[
https://issues.apache.org/jira/browse/IMPALA-14307?page=com.atlassian.jira.plugin.system.issuetabpanels:comment-tabpanel&focusedCommentId=18013638#comment-18013638
]
Quanlong Huang commented on IMPALA-14307:
-----------------------------------------
IMPALA-13989 adds a fallback invalidateTable on the new table if the rename
operation succeeds in HMS but fails to add it in catalog.
{code:java}
if (result.second == null) {
// The rename succeeded in HMS but failed in the catalog cache. The cache
is in an
// inconsistent state, so invalidate the new table to reload it.
newTblDesc = catalog_.invalidateTable(newTableName.toThrift(),
new Reference<>(), new Reference<>(), catalogTimeline);{code}
[https://github.com/apache/impala/blob/7477107ca370ef4b0709855522f8d955e47edbec/fe/src/main/java/org/apache/impala/service/CatalogOpExecutor.java#L5845-L5849]

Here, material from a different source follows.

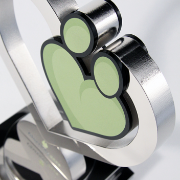 The original brief for the trophy stated that the Franchisee of the Year Award should look striking in publicity photos and reflect the Clarriots Home Care brand. The EFX studio responded with a reversible, heart inspired design which was then produced in polished nickel plated aluminium and decorated in acrylic to mirror the brand palette. The three-tier plinth adds perceived value to this perpetual trophy and provides a suitable location for magnetic name plates for recording the winners’ names in years to come.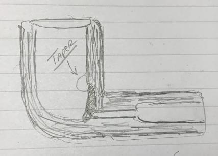 It’s difficult to picture the chamber to convey what is going on, so I employ some artistic skill to explain. In the sketch below, above the draft hole, the darker coloring represents the charred briar that was removed. At the top of this area, with a circle, is what now juts out unevenly since the briar beneath is gone forming a rounded indented area. Since the bad wood has been removed and there are no fissures or cracks evident, repairing with JB Weld isn’t the best approach at this point. What makes more sense is to smooth the area circled in the sketch to fashion a more tapered descent into the chamber. The possible downside to this is that the tobacco may not burn down evenly as the draw dynamics have been somewhat altered. This isn’t ideal but provides the path for this Ben Wade to have another life.

That's why we see logs of "Invalidating table metadata" in the thread doing
AlterTable Rename operation.
invalidateTable() succeeds without errors (though the createEventId_ is
incorrectly set to -1 which violates IMPALA-12712) but the table is invisiable
to the catalog update collector thread. Instead, it shows up in deleteLog_ so
catalog update collector thread collects as a deletion.
{code:java}
I20250811 16:22:58.250487 3608258 catalog-server.cc:1615] Collected deletion:
1:TABLE:test_ddls_with_invalidate_metadata_9525e717.test_6, version=8523,
original size=97, compressed size=95{code}
One possibility is the table is added into the old Db object. In
CatalogServiceCatalog#getDb(), we just wait for the initial reset to finish:
{code:java}
public Db getDb(String dbName) {
waitInitialResetCompletion(dbName);
return super.getDb(dbName);
}
{code}
waitInitialResetCompletion() won't wait if triggeredInitialReset_ is true. It's
set to true after the initial reset of the startup finishes. So in global
INVALIDATE METADATA triggered later, this method always return directly.
{code:java}
private void waitInitialResetCompletion(@Nullable String dbName) {
boolean isWaiting = false;
while (!triggeredInitialReset_) {
...
}
if (isWaiting) {
LOG.info("Initial reset completed{}.", (dbName != null ? " for db " +
dbName : ""));
}
}{code}
CatalogServiceCatalog#getDb() is used in invalidateTable() to get the Db
object. Without this waiting mechanism, it could get the old Db object which
will be replaced with a new one in the concurrent reset(). Then the table is
added to the old Db object and added into the deleteLog.
{code:java}
// Identify any deleted tables and add them to the delta log
Set<String> oldTableNames =
Sets.newHashSet(existingDb.getAllTableNames());
Set<String> newTableNames = Sets.newHashSet(newDb.getAllTableNames());
oldTableNames.removeAll(newTableNames);
for (String removedTableName: oldTableNames) {
Table removedTable =
IncompleteTable.createUninitializedTableForRemove(
existingDb, removedTableName);
removedTable.setCatalogVersion(incrementAndGetCatalogVersion());
deleteLog_.addRemovedObject(removedTable.toTCatalogObject());
}{code}
[https://github.com/apache/impala/blob/7477107ca370ef4b0709855522f8d955e47edbec/fe/src/main/java/org/apache/impala/catalog/CatalogServiceCatalog.java#L2356-L2365]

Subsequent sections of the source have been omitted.